Hope you find your LO soon


----------



## Nieta (May 7, 2015)

Our LA has a minimum 2-year age gap but can increase it for individual cases. Having said that, we've been linked with a LO that is 4 years younger than our DS, even though her sw had originally specified a 6 year gap. IMO the problem with Adoption Link and similar sites is that you are a stranger and so they just look at the basic facts like your DC's age and rule you out straight away if something's off. For our in house link our sw was able to talk about us and our DS with the LO's sw despite the smaller age gap and she happily changed her mind (DS is quite mature for his age).

I think it depends on the child's disposition as well as their sw whether or not a single placement is specified for a child. I do get the feeling that some sw's always sway the same way but sincerely hope that's not the case in reality. However complex children certainly often warrant a single placement.


----------



## Miny Moo (Jan 13, 2011)

I can only go on our situation, we were encouraged to go for as big an age gap as possible and were asked to drop our age range down from 4-6 to 2-6 preferably going for the younger age, our daughter was 5 at placement so we have a 5 year gap, we love our daughter and wouldn't change her for the world but with hind site wish we had listened and gone younger as feel our son might have coped with a much younger child a lot better than he has.


----------



## Anjelissa (Jan 11, 2007)

Hi AoC,

We had a lot of trouble even getting 'taken on' for our second lo.
Our original LA were only recruiting adopters for large sibling groups at the time, and I ended up ringing quite a few before we were finally accepted.
Many said they wanted our son to be at least school age, some even older (he was about 3 at the time).
All of them wanted at least 2 years age gap, so at the time we would only have been available for under 1's.
None would take into consideration the time it would take to be approved (at the time we were under the old system, so we were talking about anything up to a year).
There were many different restrictions and all had a different criteria, but in the end (after a lot of work) we were taken on, and our little lady moved in aged 14 months when our Son was just over 4 yrs, so we have approximately a 3 year age gap.
In our case they were prioritising families for our dd who had a child already, as they wanted her to have an older sibling if possible, (so it can run in your favour) .

Like everything else, we now look back and are glad we had such a struggle getting accepted for our second child, as if our original LA had taken us on we'd never have crossed paths with our little lady. I have everything crossed for you that it wont be much longer before you are able to say the same 

x x x


----------



## liveinhope (Jan 8, 2008)

We were told there has to be at least 2 years between the children.  The LO we are linked with is actually 3 years younger than our son


----------



## Sun Flower (Jul 14, 2008)

we have been told there need to be a 2 year age gap. Our LO is nearly 2.5yrs so we are hoping to be matched with a baby. Our SW seems positive although we know realistically we might be in for a long wait!! 

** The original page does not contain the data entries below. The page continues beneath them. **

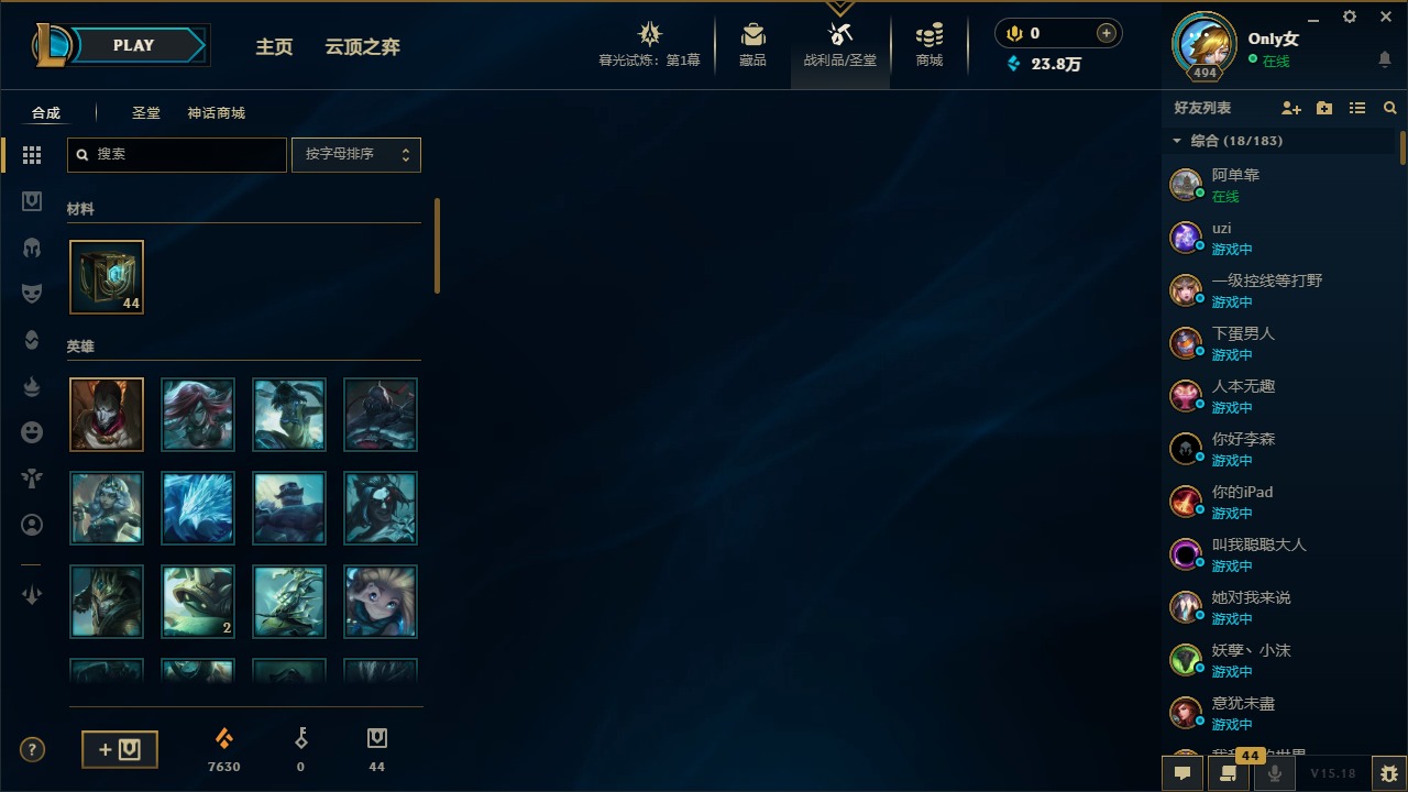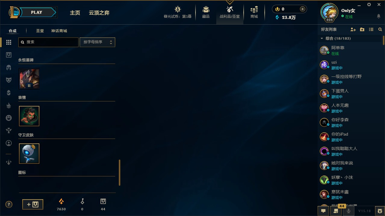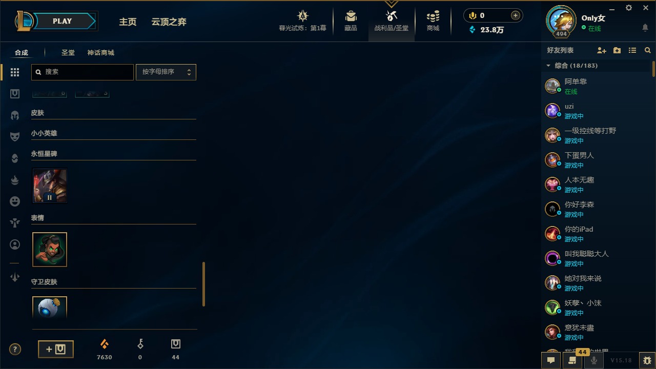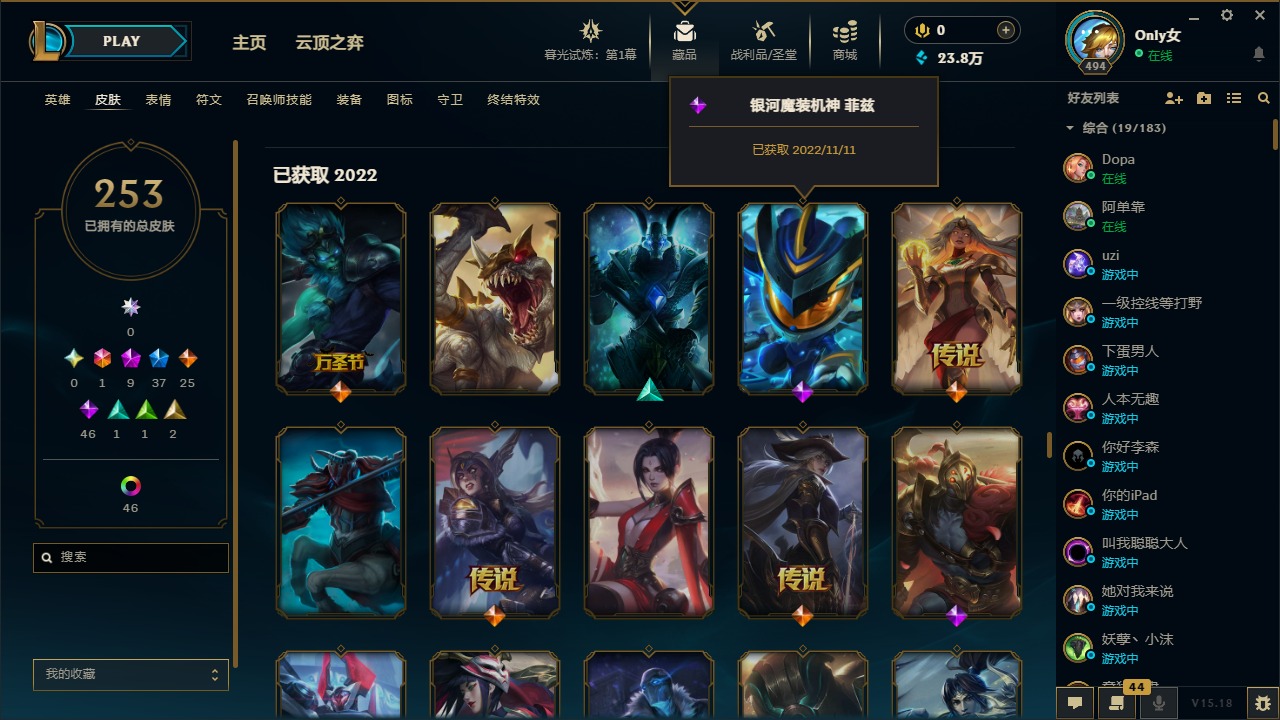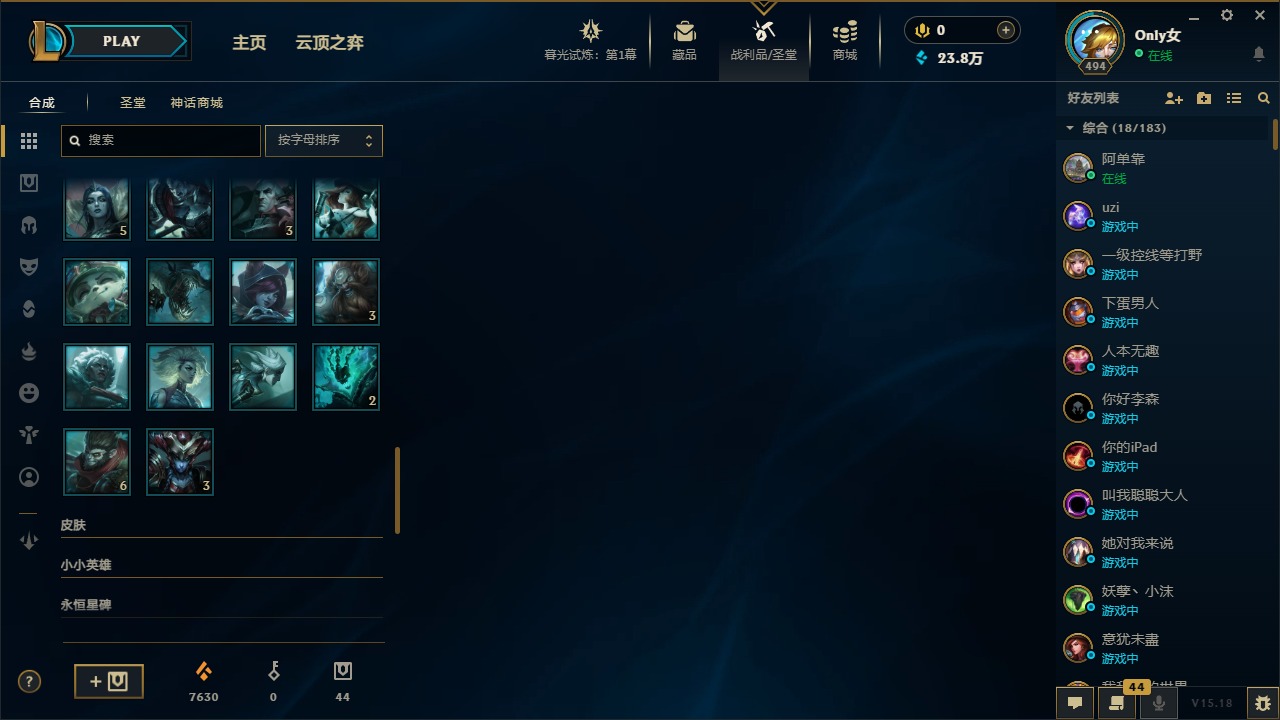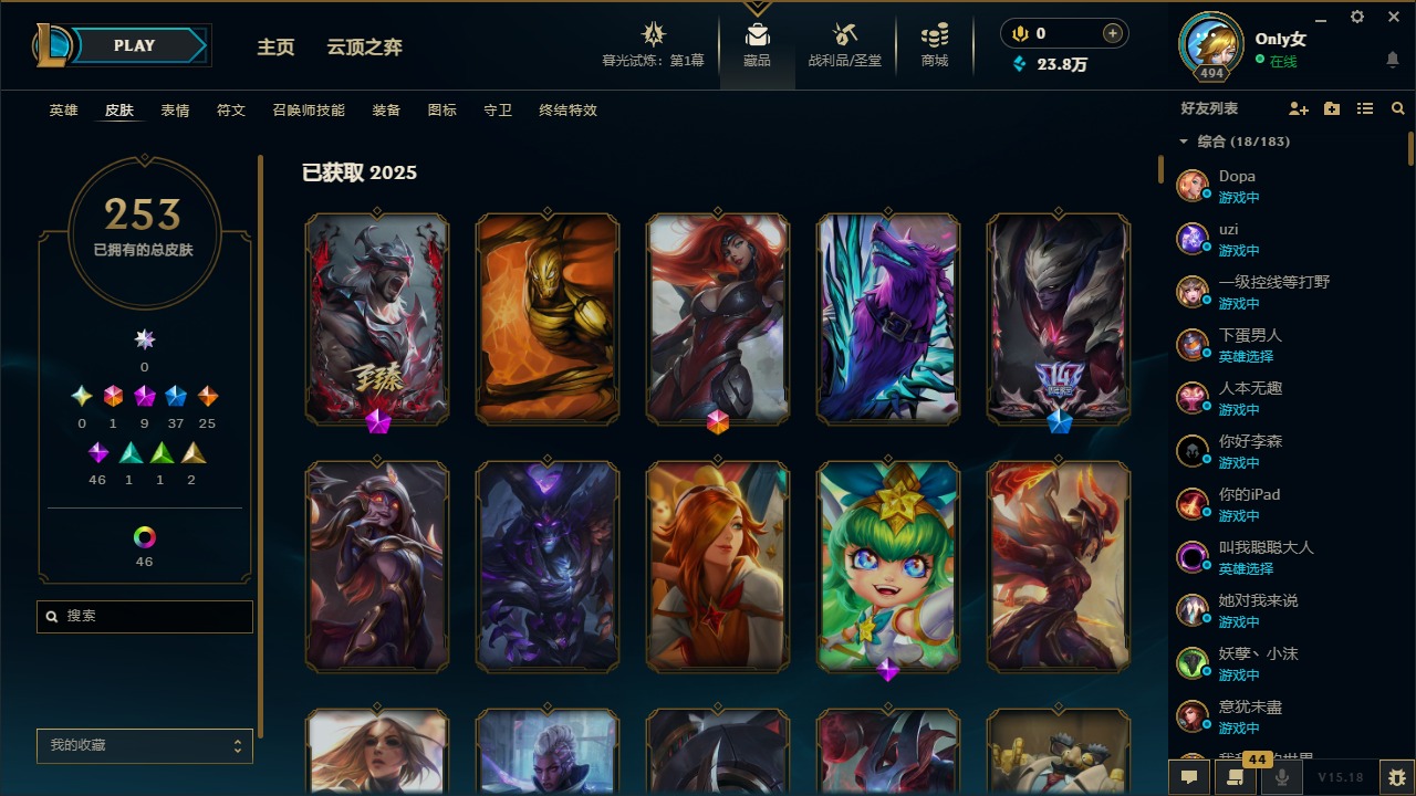 [11970844]1终极 9神话 37限定 25传说 46史诗 253皮肤 83炫彩 171英雄 可二次 可修改实名 优质装备:至臻 K/DA 阿狸,至臻 神龙尊者 炎龙瑟提,防爆天使 凯尔,暗影 沃里克,地底世界 崔斯特,冠军典狱长 锤石,冠军之矛 滑板鞋,冠军之刃 锐雯,冠军之刃 锐雯 2016,糖果使徒 费德提克,永恒之森 乐芙兰,至臻 西部魔影 泰隆,武装战姬,冠军之箭 艾希 凯旋圣装,冠军之刃 锐雯 2016 凯旋圣装,无畏骑士 瑟庄妮 赤子初心,霸天异形 卡兹克 刹那银光,可爱可爱粉红红 布里茨,冠军之矛 卡莉丝塔 凯旋圣装,净雪之月 莫甘娜 冬虹,星之守护者 阿卡丽 热情之光,魔女 阿卡丽 虚荣,至臻 凯旋将军 德莱厄斯,殿堂传奇 薇恩,至臻 灵魂莲华 劫,暗裔英雄 盖伦,殿堂传奇 薇恩 登神 限定:创星之灵 璐璐 赛季限定皮:胜利剑圣 易,胜利巨口 克格莫,胜利之树 茂凯,胜利枪神 格雷福斯,胜利女神 奥利安娜,胜利之剑 剑魔,胜利枪神 卢锡安 冠军限定系列:S1FNC 酒桶,S2 暗杀星 慎,S4 SSW 图奇,S7 SSG 霞 冰雪节限定:冰雪节 炼金,魄罗骑士 瑟庄妮,幸福女神 乐芙兰,雪球也能爆炸 吉格斯 泳池派对:泳池派对 厄运小姐,泳池派对 黑默丁格,泳池派对 凯特琳,泳池派对 球女,海之歌 艾希 万圣节限定:魅惑女巫 崔丝塔娜,魅惑女巫 娜美,南瓜头 费德提克 年限:点心宝贝 阿木木,天龙之子 斯莫德,蛇年 库奇 周年:10周年 安妮,10周年 凤凰
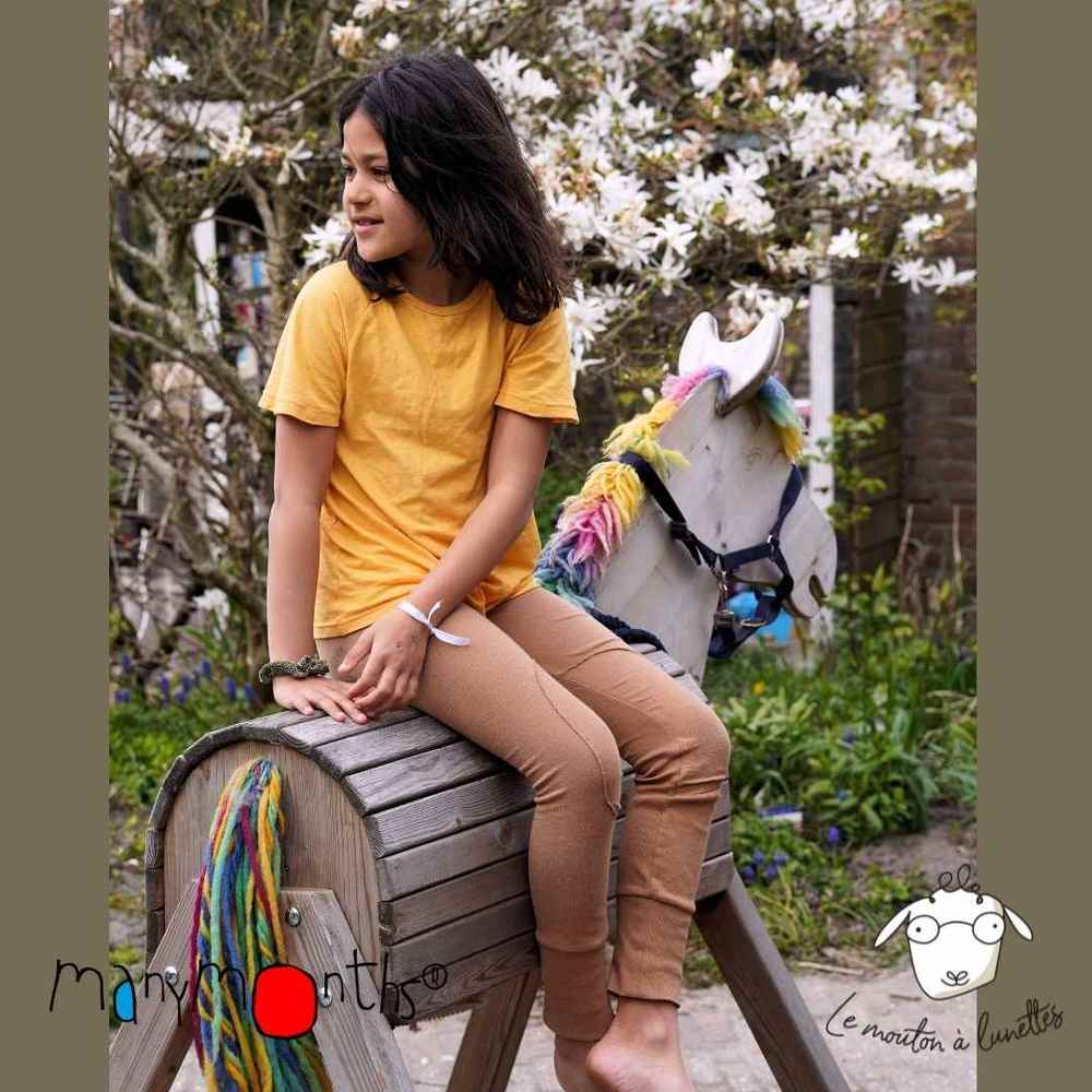 Ces leggings évolutifs sont fabriqués en jersey de coton biologique, tricoté en côtes (extensible). Les bords-côtes aux chevilles sont en coton bio (95%) et élasthanne (5%)
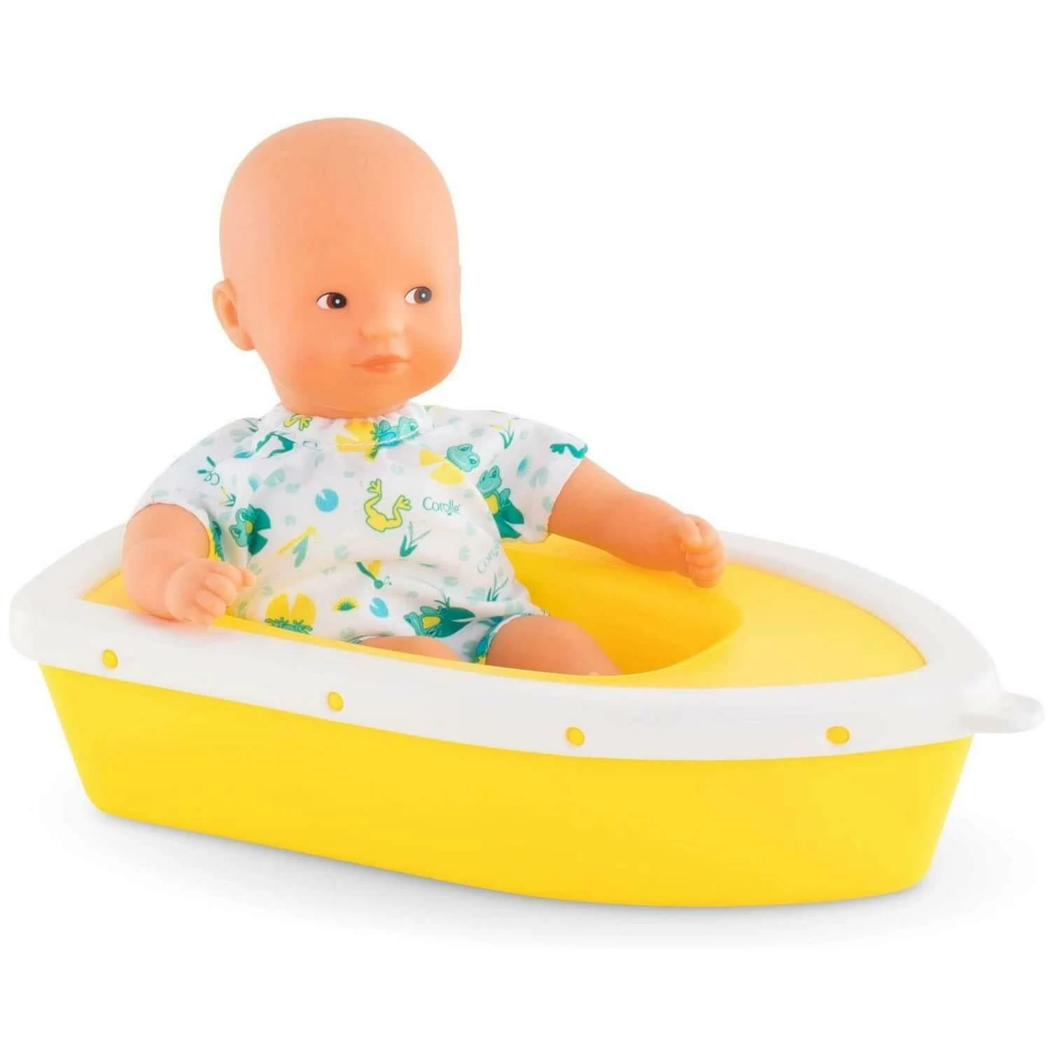 Mini Bain Plouf est un coffret composĂ© d’un poupon Mini Bain de 20 cm et d’une barque.

I can't believe the differences between each LA's criteria


----------



## AoC (Oct 28, 2008)

Yes, we were told (and approved on the basis) that there needed to be a two year age gap, which I think is reasonable and never had a problem with.  Bug is four, so that's currently anyone under two.  From what I'm seeing in profiles, I'm going to have to keep on explaining to Bug why he doesn't have a little sister or brother yet (because of course he had to be 'prepared' for our second approval) for another three years or so.


----------



## AoC (Oct 28, 2008)

Sorry guys.    It's not like me to get discouraged, but it didn't last long...  ;-)  Thanks for all your input.

I was getting very sad, then remembered that there's four years between me and my brother, and we were always close.  

We'll survive.    I firmly believe that Bug was meant to be ours, and I can't imagine that number two will be any different.  So when the time is right, the right Pumpkin will come our way.

Positive wishes and love to you all.


----------